Это довольное «мы с папой» давало ему надежду на то, что хоть что-то не зря, пусть не ему это удалось, пусть не он это справился. Но бог знает, что хорошего он совершил, где старушку через дорогу перевел, раз у него есть Даня. И Милана. Несмотря ни на что — будет всегда. Вот в этом мальчике запечатленная.
В то утро, буквально за день до отъезда, пришли первые ощутимые холода. Он выполз из палатки рано, включил горелку, чтобы заварить им с Данькой чаю, а потом, недолго думая, принялся разводить костер. Свежо, а так будет где греться. Их палатка стояла в стороне ото всех остальных, потому шум от кемпинга не долетал. Да и некому пока было шуметь. Шесть утра, рано. Птицы где-то в кронах чирикают, рассказывают ему о том, кем он был и кем уже никогда не станет. А потому только и остается, что готовить завтрак сыну — у мальчика еще шансы есть.
Чайник у него был здоровенный, половину бригады напоить можно. Пахнул этот чай на природе божественно — и Назару вспоминался вечер, когда он, чтобы побыть с Миланой едва ли не впервые, затеял барбекю в саду, и после ухода Стаха тоже заваривал ей чай на мангале, на вишневых ветках. Она тогда улыбнулась и сказала, что чай у него сонный, а он тот вкус всю жизнь помнит. Сегодняшний был совершенно другой, но тоже ароматный. А помножить это на запах хлеба, как в детстве, наколотого на ветку и обжаренного над пламенем, так и вовсе — разве же тут удержишься?
Даня не смог. Выполз, едва первая партия хлебцев была готова, и Назар занялся сосисками.
— Проснулся? — улыбнулся он сыну. — Умываться сейчас будешь или сначала пожуешь?
Данька поежился, пряча руки в карманах куртки, и устроился на раскладном стульчике рядом с огнем.
— Холодно, — выдал он, насуплено поглядывая по сторонам.

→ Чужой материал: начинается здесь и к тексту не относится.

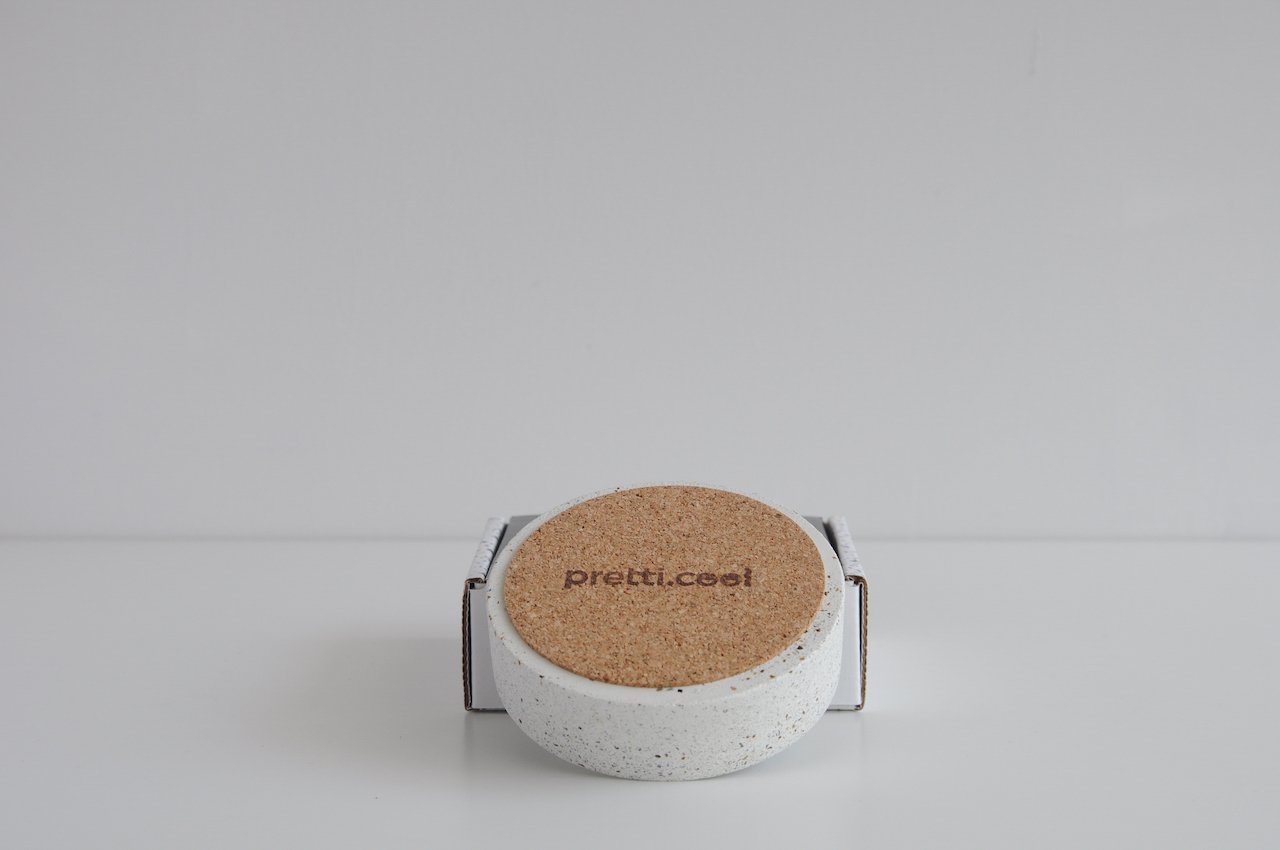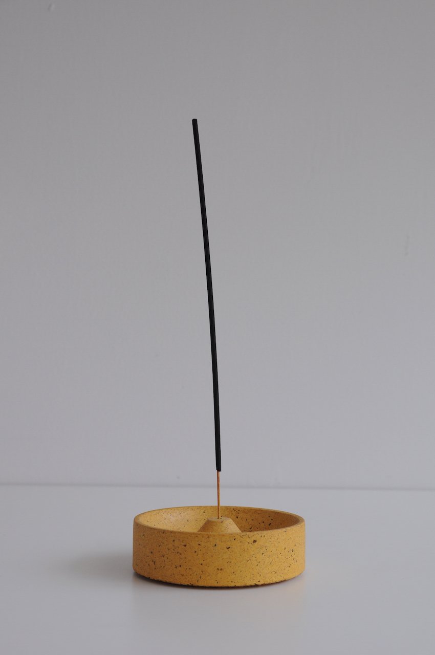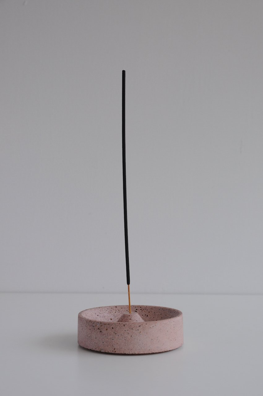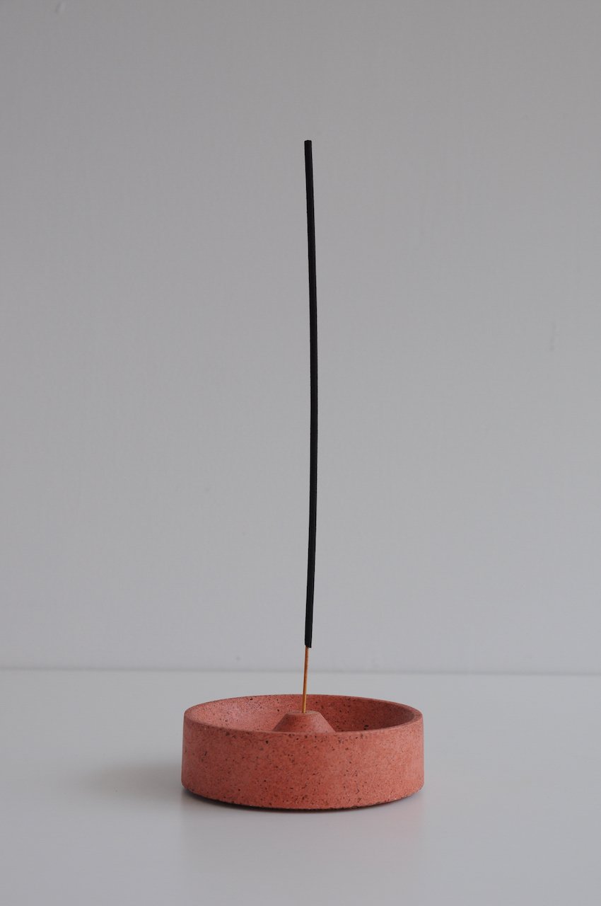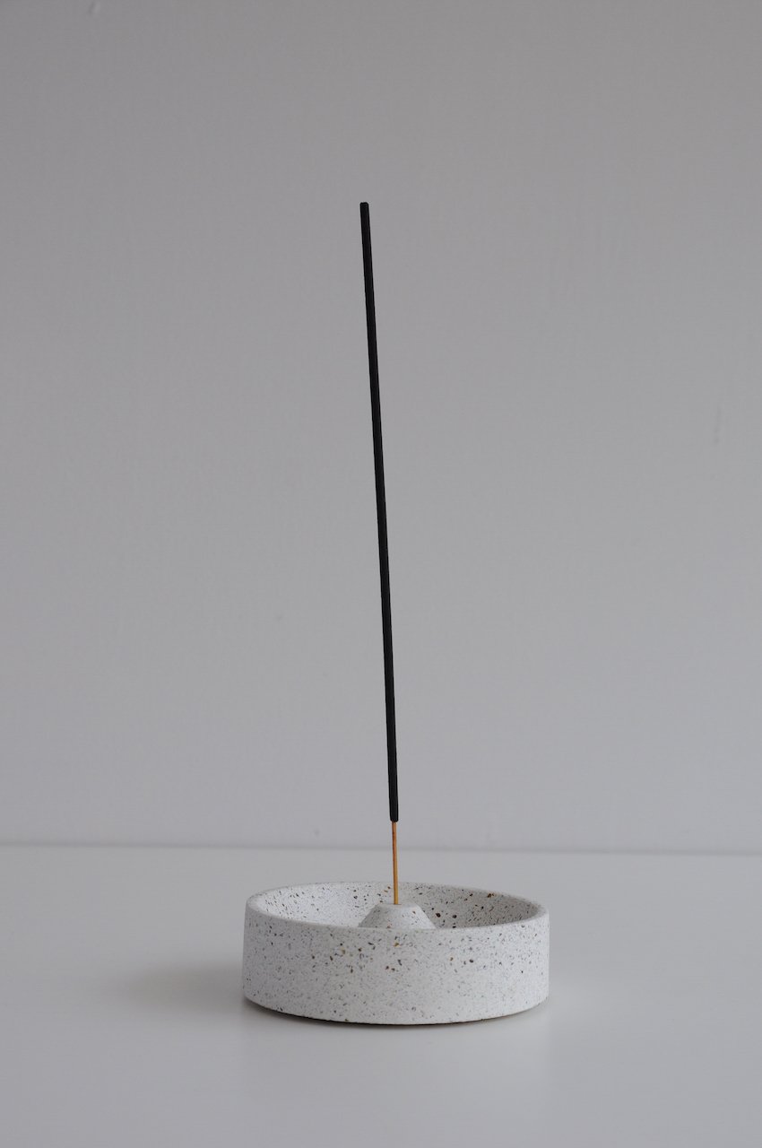 アメリカ・ヒューストンを拠点に、アートや建築、写真、デザインなどの異なる背景をもつチームで立ち上げたブランド。ミニマルなデザインの香立ては、リサイクルガラスをコンクリートに混ぜたテラゾー(人工大理石)を使用しています。素材そのものの模様が活きるシンプルなフォルムと、ずっしりとした重みが特徴。置き場所を傷つけないよう底面にはコルクシートが付いています。全4色。
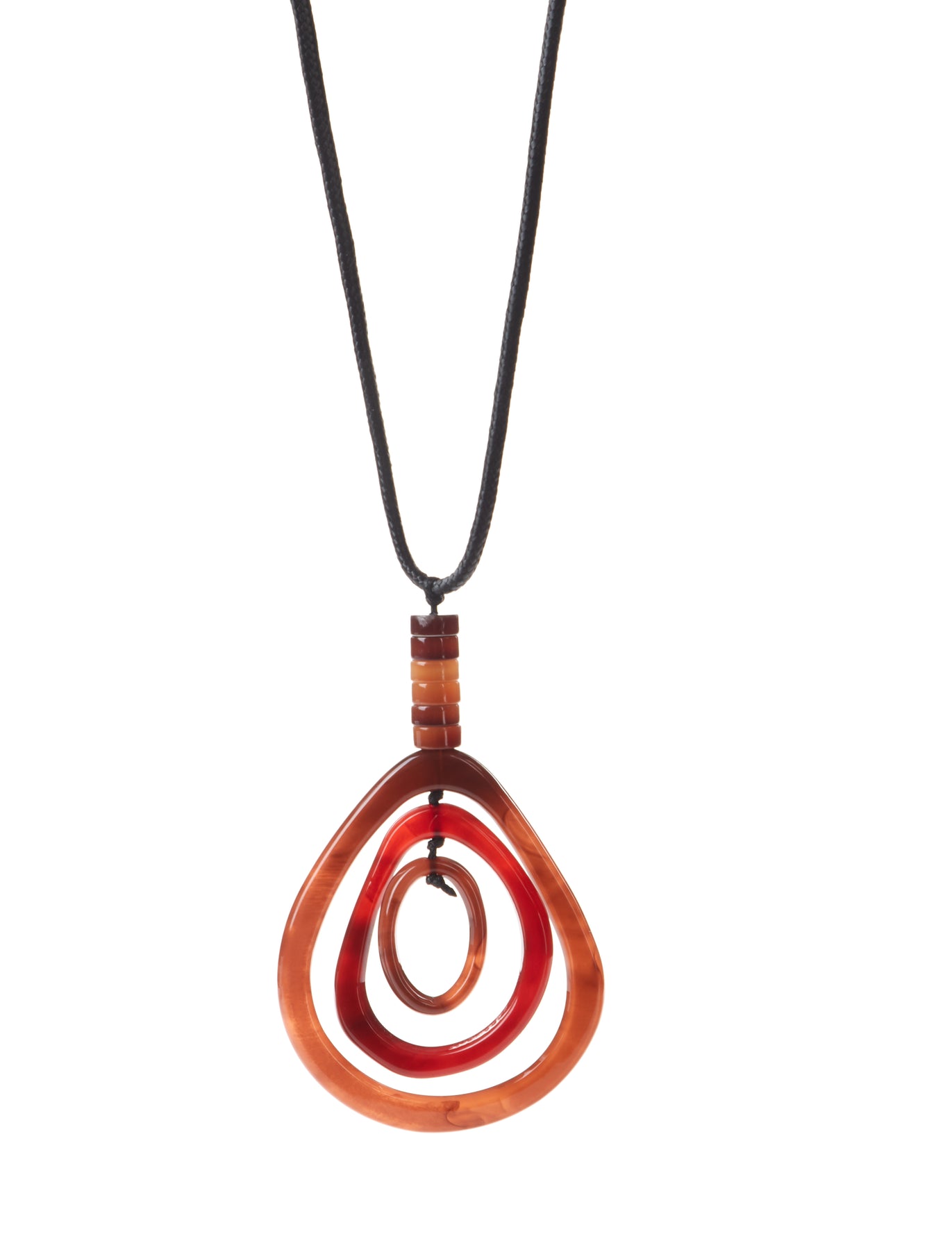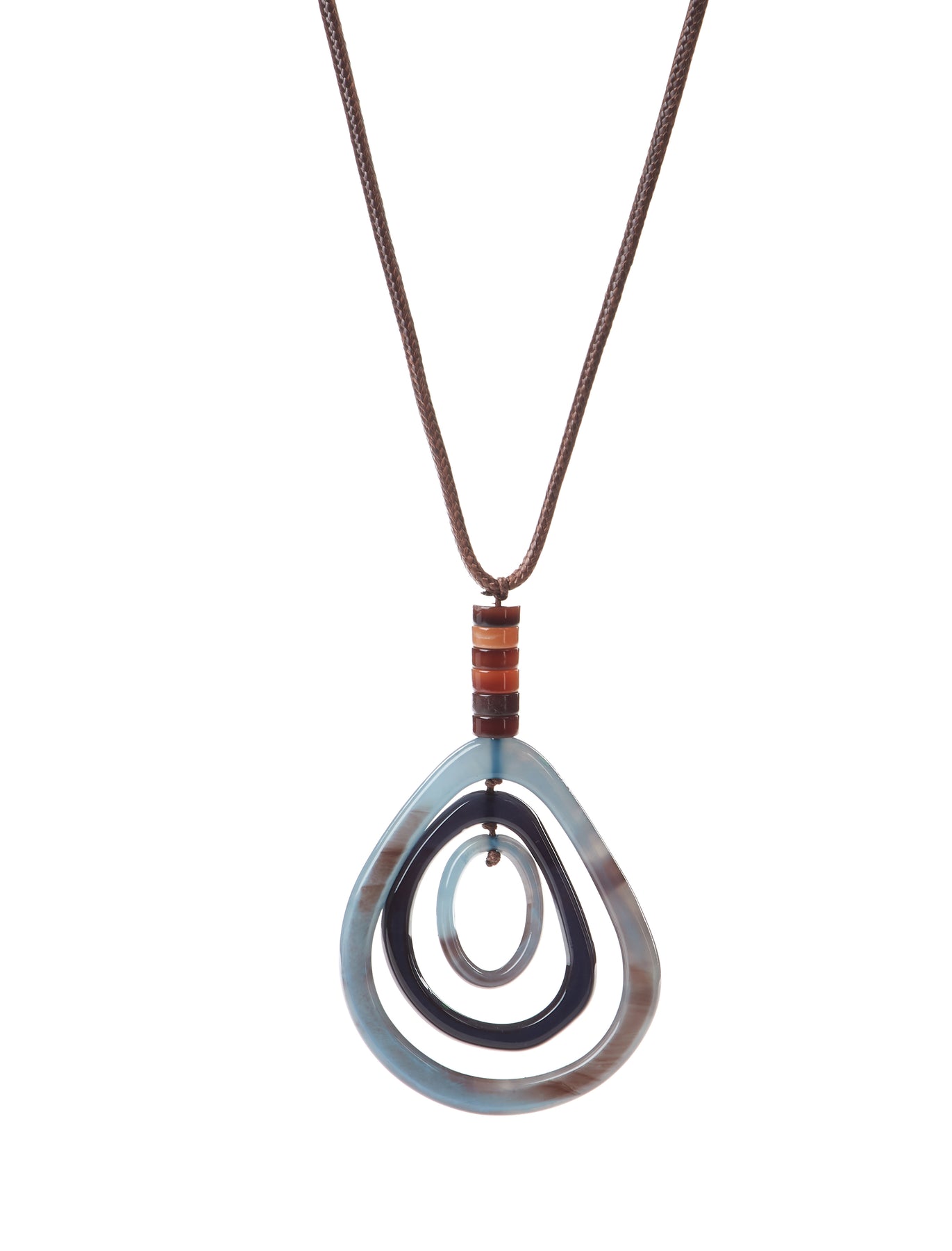 Suspended from a textured brown cord with stacked acrylic bead accents, the design adds an earthy, handcrafted touch. With a long 62cm chain + 5.5cm adjustable extension, this necklace offers versatility in styling, whether worn over casual ensembles or layered with sophisticated outfits.
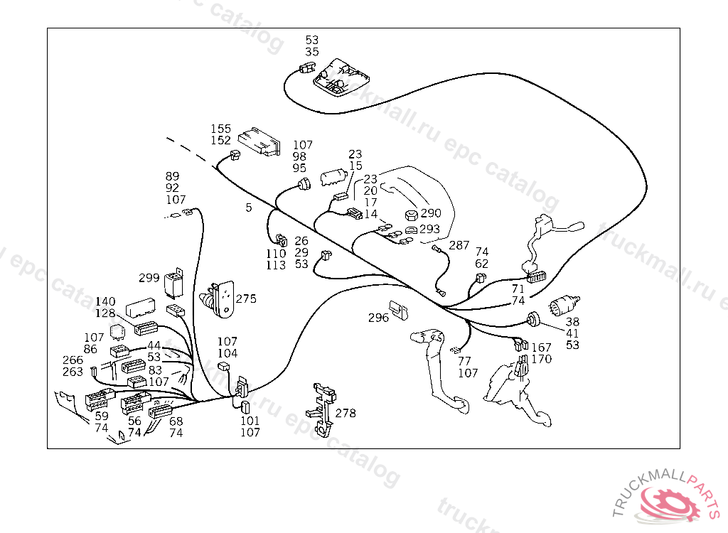 ELECTRIC CABLE COCKPIT CABLE HARNESS,F 049224 A 218852 EXCEPT FOR A 103237 - A 218851 WITH CODE 030 F 190065 EXCEPT FOR F 159752 - F 190064 WITH CODE 030 AS OF IDENT-NO.: FOR HEADLAMP WIRING HARNESS REFER TO TU 54/121, WITH AIR CONDITIONER REFER TO TU 54/485
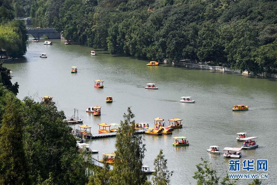 10月5日,游客在包公园内乘船游玩。 当日是国庆假期的第五天,安徽合肥天气晴好,不少市民和游客来到包公园,享受秋日惬意。 新华社记者 张端 摄
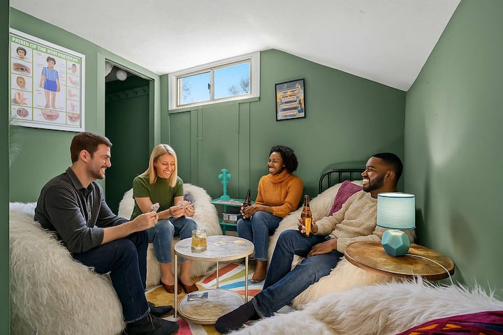 Насладете се на Луисвил в този уютен ваканционен дом до първия и оригинален бар за пинбол в града с над 40 вида бърбън и уиски. С двойно легло, разтегателен диван, пълна кухня, Wi-Fi, пране и външно пространство, той е идеален за Kentucky Derby, Bourbon Trail, Bourbon & Beyond, Louder Than Life или събития в Churchill Downs & Expo Center. Подходящо за домашни любимци, подходящо за семейства и идеално за кратки или продължителни престои близо до центъра, Сентръл Парк и историческия Олд Луисвил. Резервирайте уютния си престой сега!
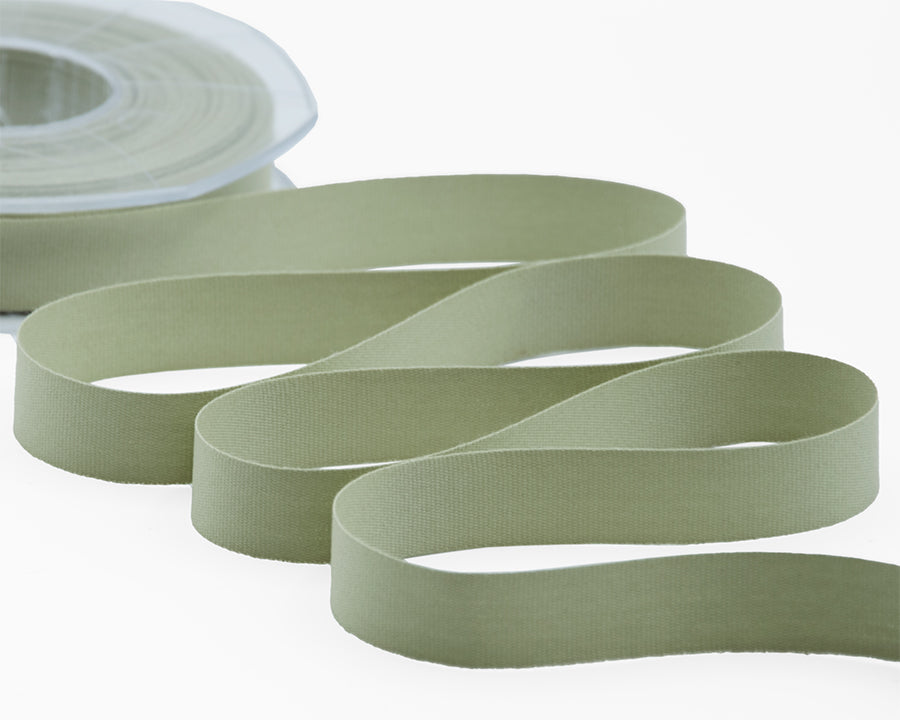 15mm Sage Green Cotton Ribbon. This ribbon is made from 100% cotton yarn.With an extremely natural look, this ribbon can be used to decorate eco-friendly or plastic-free packaging. Color code #15. Packaged in a 20-meter reel.

— Грейся, — Назар сунул ему в руки термокружку. — Если совсем туго, обогреватель включим. Главное сейчас сопли не подхватить, а то завтра домой.
— Ну да, — согласился отпрыск, отпивая чаю, — мама потом до лета никуда не выпустит, — некоторое время Данька разглядывал содержимое кружки, а потом резко поднял глаза на отца и выпалил: — Ты меня стесняешься?
Назар, в это время колдовавший над хот-догами по-лесному, обернулся к сыну и удивлённо вскинул брови.
— Чего?
Вывод, который сделал Даня после возвращения матери из Италии, заключался в том, что родители все-таки поссорились. Что бы там отец ни собирался сделать, отправляясь в Милан, видимо, в его планы не входило поменять семью. В смысле, начать жить с ними, как втайне надеялся Даня. Поэтому мама на папу обиделась, и теперь все снова стало сложно, как было в самом начале. Из этого вытекало следующее умозаключение, которое тревожило Даньку — отец стыдится, что у него есть еще один ребенок. Иначе почему он ни разу не приводил его в свой дом? Боится, что Данька может выкинуть какой-нибудь фортель? Так он не станет. В конце концов, он с самого детства знает, что он не единственный у отца. Привык. Нет, было бы здорово, если бы папа жил с ним и с мамой. Но и познакомиться с сестрой или братом Данька был бы не против. И готов подружиться.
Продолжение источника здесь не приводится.